**DATA EXCERPTS**
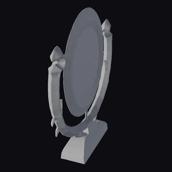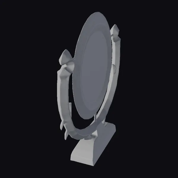 Positioned at an angle, the oval mirror appears to be floating, supported by a curved frame that seems to be twisted and shaped like a mythical creature. The frame’s golden details glisten against a backdrop of muted stone tones, casting a mystical glow. The base, sturdy and rectangular, grounds the piece. Ideal for games, animation, or VR/AR projects seeking an air of ancient mysticism, this model brings a touch of the arcane to any scene. Its intricate design and balanced proportions make it a versatile asset for various creative endeavors.
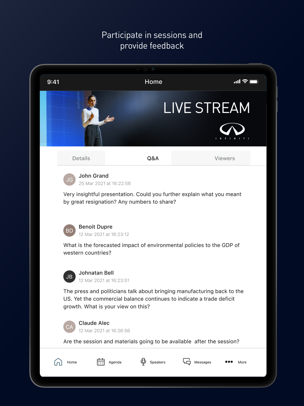 • Improvements made to ensure that all times for meetings follow the choice made in the “Timezone” event setting.• We have optimized the user experience for when changes are made to the app menu.• We have improved how feed videos are loaded when attendees have a poor internet connection.
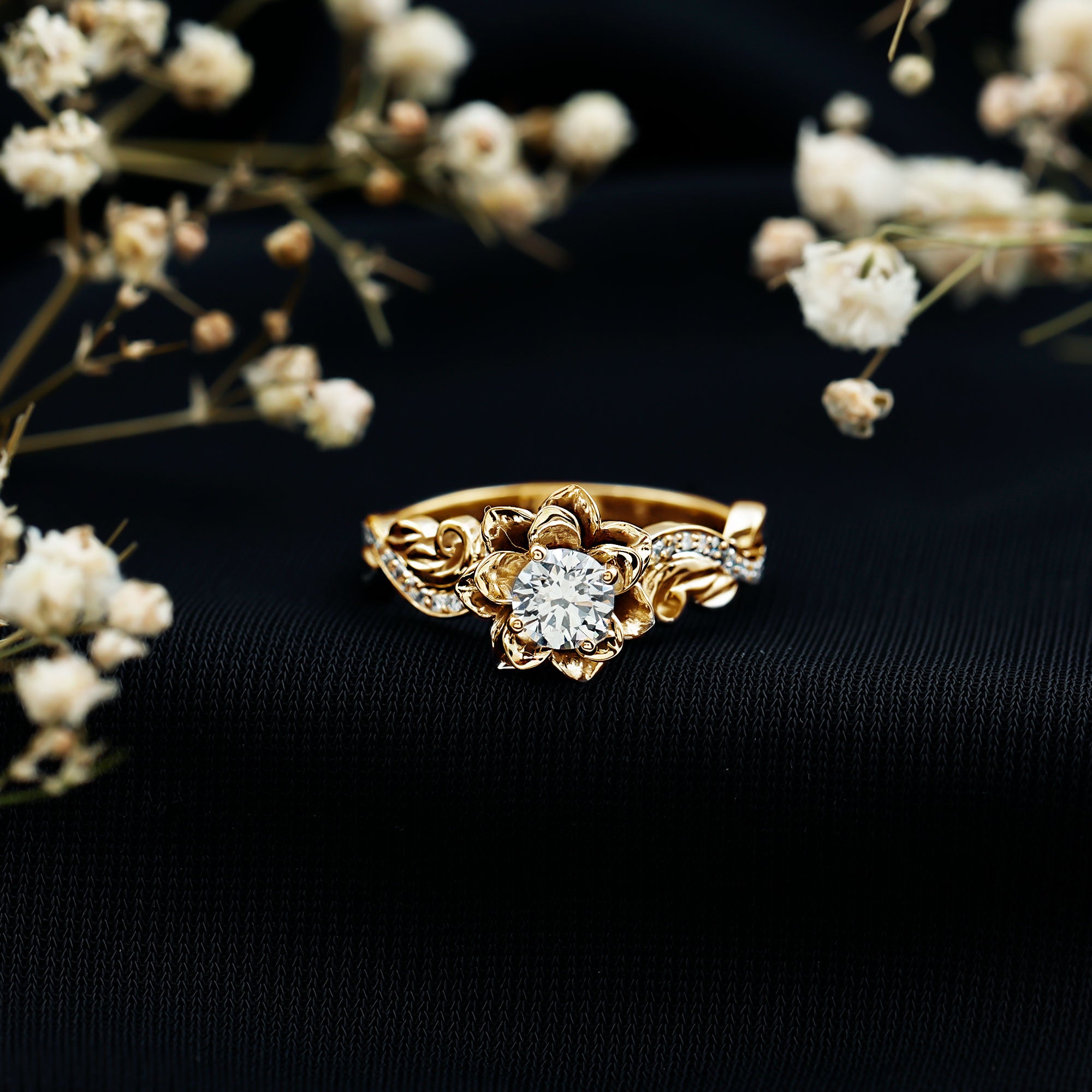 Certified Flower Inspired Moissanite Engagement Ring For Women
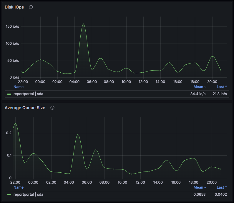 В примере видны пики по средней очереди и числу обращений к диску:
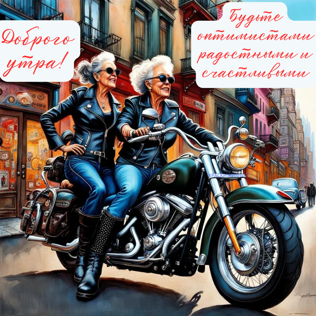 В этом ярком изображении две пожилые женщины, одетые в стильные кожаные куртки, с блестящими металлизированными элементами, сидят на мощном мотоцикле Harley-Davidson. Они улыбаются и выглядят бодрыми, их седые волосы красиво контрастируют с темными очками. Мотоцикл блестит в солнечных лучах на фоне улицы, заставленной старыми многоэтажными зданиями с архитектурой, напоминающей ретро стиль. На заднем плане виднеются балконы и яркие вывески магазинов, создающие атмосферу крупного города. Теплые, приглушенные цвета изображения подчеркивают атмосферу свободы и приключений. Надпись "Доброго утра!" и "Будьте оптимистами, радостными и счастливыми" добавляют позитивного настроения к сцене. В правом нижнем углу просматривается логотип postila.ru, указывающий на ресурс посткарт, к которому относится это изображение.
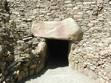 The name of the site is a bit of a puzzle. It's possible that the word 'hougue' is derived from the old Norse 'haugr' meaning a mound. You can read about our Viking connections here. (Press the 'Back' button on your computer to come back here). As far as the word 'Bie' - this may possibly be a shortening of the name 'Hambye'. A legend connected to this site suggests that the Lord of Hambye in Normandy may have been buried here. You can read about Hambye the dragon slayer by clicking here.We know that the Neolithic people were not very much smaller than us and yet the entrance passage (above right) is low. One theory is that it was deliberately constructed this way in order to make people stoop in reverence as they entered this important tomb. |

**BRIEF**
Word for word, return the material above; the pictures stay out.

**TASK RESPONSE**
 Positioned at an angle, the oval mirror appears to be floating, supported by a curved frame that seems to be twisted and shaped like a mythical creature. The frame’s golden details glisten against a backdrop of muted stone tones, casting a mystical glow. The base, sturdy and rectangular, grounds the piece. Ideal for games, animation, or VR/AR projects seeking an air of ancient mysticism, this model brings a touch of the arcane to any scene. Its intricate design and balanced proportions make it a versatile asset for various creative endeavors.
 • Improvements made to ensure that all times for meetings follow the choice made in the “Timezone” event setting.• We have optimized the user experience for when changes are made to the app menu.• We have improved how feed videos are loaded when attendees have a poor internet connection.
 Certified Flower Inspired Moissanite Engagement Ring For Women
 В примере видны пики по средней очереди и числу обращений к диску:
 В этом ярком изображении две пожилые женщины, одетые в стильные кожаные куртки, с блестящими металлизированными элементами, сидят на мощном мотоцикле Harley-Davidson. Они улыбаются и выглядят бодрыми, их седые волосы красиво контрастируют с темными очками. Мотоцикл блестит в солнечных лучах на фоне улицы, заставленной старыми многоэтажными зданиями с архитектурой, напоминающей ретро стиль. На заднем плане виднеются балконы и яркие вывески магазинов, создающие атмосферу крупного города. Теплые, приглушенные цвета изображения подчеркивают атмосферу свободы и приключений. Надпись "Доброго утра!" и "Будьте оптимистами, радостными и счастливыми" добавляют позитивного настроения к сцене. В правом нижнем углу просматривается логотип postila.ru, указывающий на ресурс посткарт, к которому относится это изображение.
 The name of the site is a bit of a puzzle. It's possible that the word 'hougue' is derived from the old Norse 'haugr' meaning a mound. You can read about our Viking connections here. (Press the 'Back' button on your computer to come back here). As far as the word 'Bie' - this may possibly be a shortening of the name 'Hambye'. A legend connected to this site suggests that the Lord of Hambye in Normandy may have been buried here. You can read about Hambye the dragon slayer by clicking here.We know that the Neolithic people were not very much smaller than us and yet the entrance passage (above right) is low. One theory is that it was deliberately constructed this way in order to make people stoop in reverence as they entered this important tomb. |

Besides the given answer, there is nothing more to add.